Show that for $B = (B_t)$ Brownian motion, its covariance is

$cov(B_s, B_t) = min(s, t)$.

The solution I was given was:

For $s ≤ t$,

$B_t = B_s + (B_t − B_s)$,

$B_sB_t = B_s^2 + Bs(Bt − Bs)$

$cov(B_s,B_t)=E[B_sB_t]$(as $E(B_i)=0)$

so $cov(B_s,B_t)=E[B_s^2]+E[B_s(B_t-B_s)]$,

as all increments of Brown motion are independent the second term in the RHS

$=E[B_s]E[B_t-B_s]=0*0=0$. Now $cov(B_s,B_t)=E(B_s^2)=Var(B_s)=s$.

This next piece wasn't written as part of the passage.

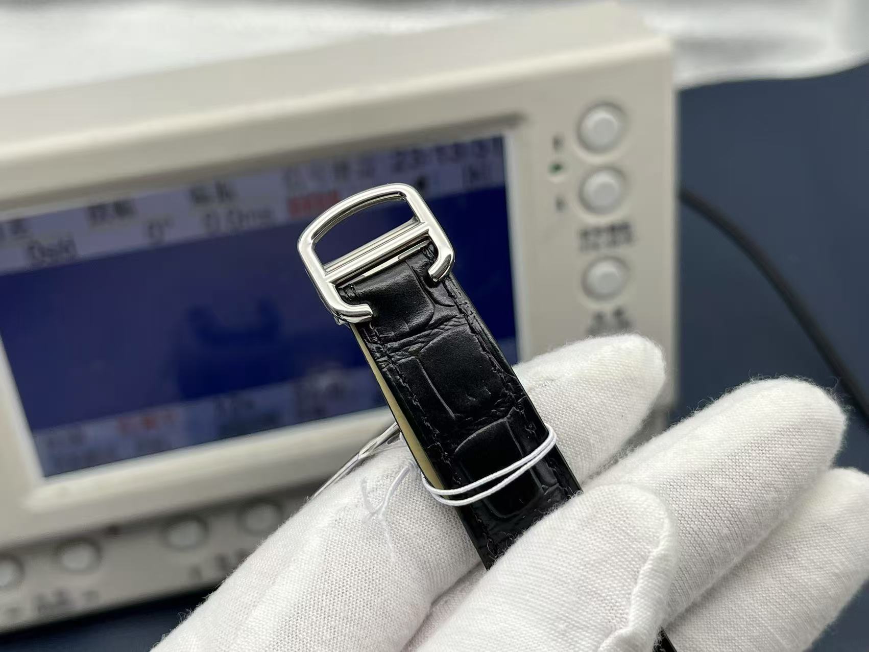 カルティエの名作「バロンブルー」を高再現度で仕上げた高級時計 コピーモデル。丸みを帯びたシルバーケースに、精緻なギョーシェ模様の文字盤とローマインデックスを配置。風防には立体感のあるサファイアガラスを使用し、ブルースチール針がエレガントに時を刻みます。自動巻きムーブメントを搭載し、精度と高級感を両立。ブラックレザーストラップがビジネスにもフォーマルにも最適。高級時計 コピー品質で安心の保証付き、レビュー高評価の人気腕時計。

Similarly if $t\leq s$ we get $=t$.

My question is, could I not have done this arguement the same way without assuming that $s\leq t$ in the first place? I mean, if $s\leq t$ why cant I say

$B_s = B_t + (B_s − B_t)$ and conitnue like this to get the answer with a max instead of a min?

Is it because $B_t-B_s$ is only an increment if $t\geq s$? I mean otherwise we dont have independency or something?

## Best Answer

In your proof you use the fact that $B_s$ is independent of $B_t-B_s$ (indepedent increments) but this is only true if $s\leq t$.